Mylo is a lab-grown material made from the mycelium of mushroom. (all images courtesy of Mylo)

There’s great news for vegan leather queens, mycologists, fashionistas, and people who like making the pun “fun guy” about fungi: this week, Stella McCartney presented an outfit featuring Mylo™️. The legacy fashion house, which was the first to stop using leather, fur, or skins, debuted a black bustier top and futuristic-looking harem pants made of vegan lab-grown mushroom leather. It’s the perfect option for the dominatrix that loves to be tough on their clients but draws the line at animal cruelty.

The “leather” is made of mycelium — the root network of mushrooms — and is a product of Bolt Threads, a materials solutions company that leverages the incredible power of nature to create eco-friendly alternatives to animal-based textiles. In addition to subverting the need to slaughter cows for leather, Mylo is also a much more planet-friendly option compared to plastic-based leather substitutes.

Currently, Bolt Threads is partnered with Adidas, Kering, and lululemon, in addition to Stella McCartney, in bringing mushroom leather to market, and has also found a way to mass-produce spider silk fiber “microsilk” that can biodegrade at the end of its useful life. What was once the stuff of speculative fiction is now fashion reality and offers some hope in an industry notorious for waste.
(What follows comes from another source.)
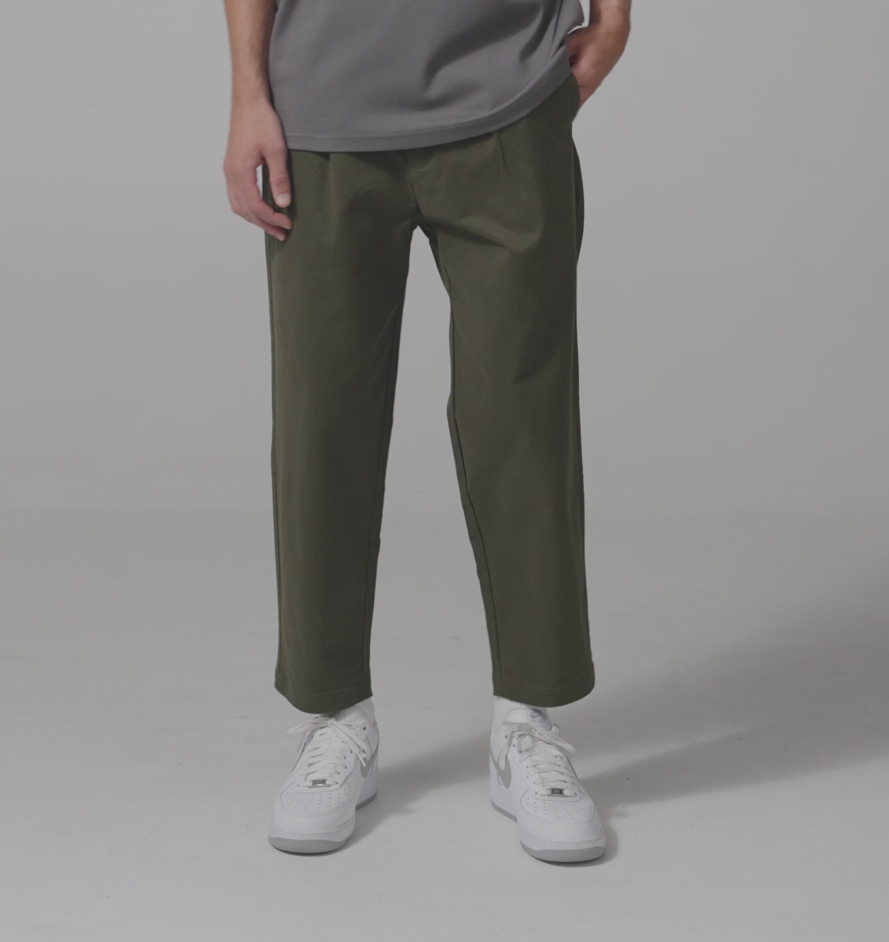 - Pegged silhouette with front pleats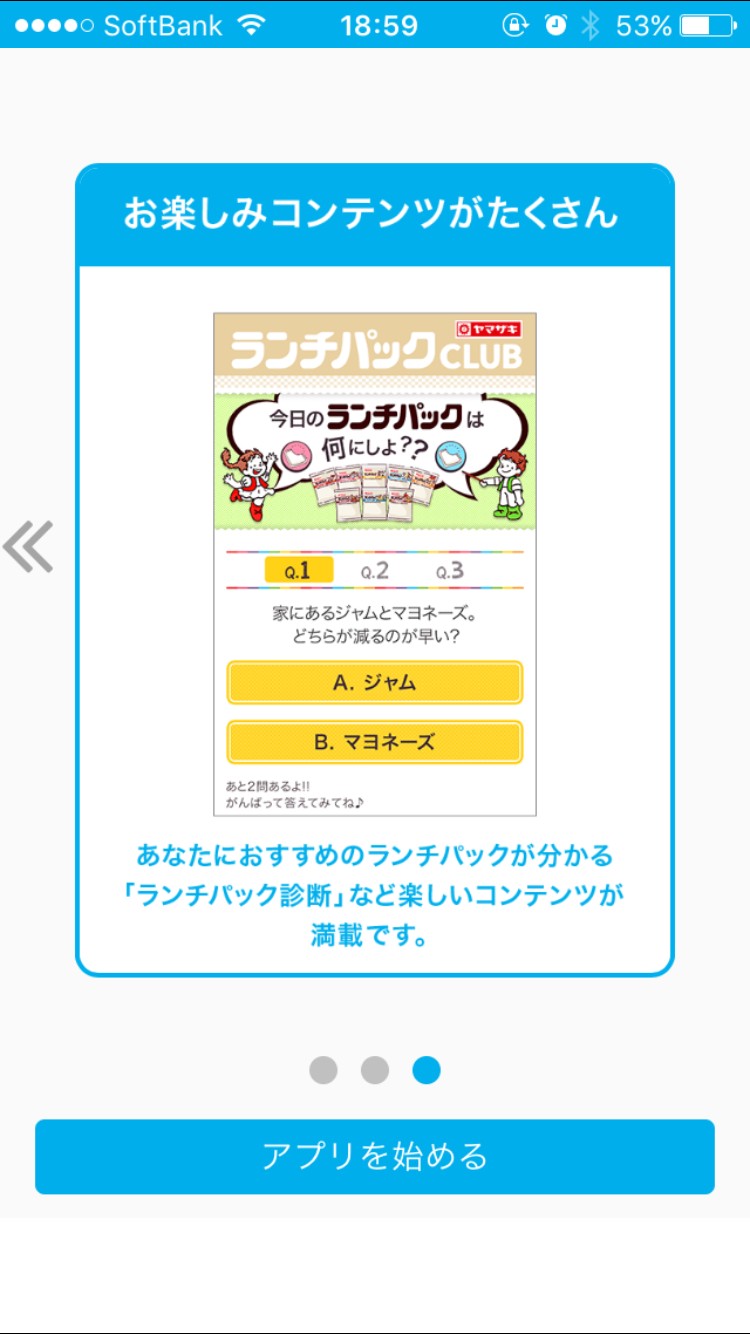アプリには、「ランチパック診断」というメニューがあります。2つの質問に答えていくという、とっても簡単な診断ですから、気軽に答えてみてくださいね。いくつかの質問に答えると、最終的に、オススメのランチパックを紹介してくれます。実際に食べてみるのも面白いですね。

The Stella McCartney outfit is not for sale, but is meant to “embody the potential of this next-generation material and pave the way for future commercial offerings,” according to the brand’s website. For now, we can only dream of a time — not too far off — when the wokest among us will virtue signal by broadcasting the fact that their yoga pants are made of mushrooms. Exciting times!

Sarah Rose Sharp is a Detroit-based writer, activist, and multimedia artist. She has shown work in New York, Seattle, Columbus and Toledo, OH, and Detroit — including at the Detroit Institute of Arts....

2 replies on “Mushroom “Leather” Is the Latest Innovation to Hit Fashion Runways”

  1. I think it’s important to give big props to the originator of fabricating with mycelium, Phil Ross, who first created mycelial architectural works (“Mycotecture”), and more recently founded MycoWorks (a competitor in the mushroom leather space)– https://www.mycoworks.com/. Phil taught so many people his techniques back in the day, and his generous open-source spirit is never acknowledged by companies that took up the work; some (like Ecovative) directly learned from him.

  2. Totally agree with Marina Zurkow’s comment. Phil Ross has been working on this medium forever, first in his sculptural practice and now in fashion and other biotech applications. Credit where credit is due!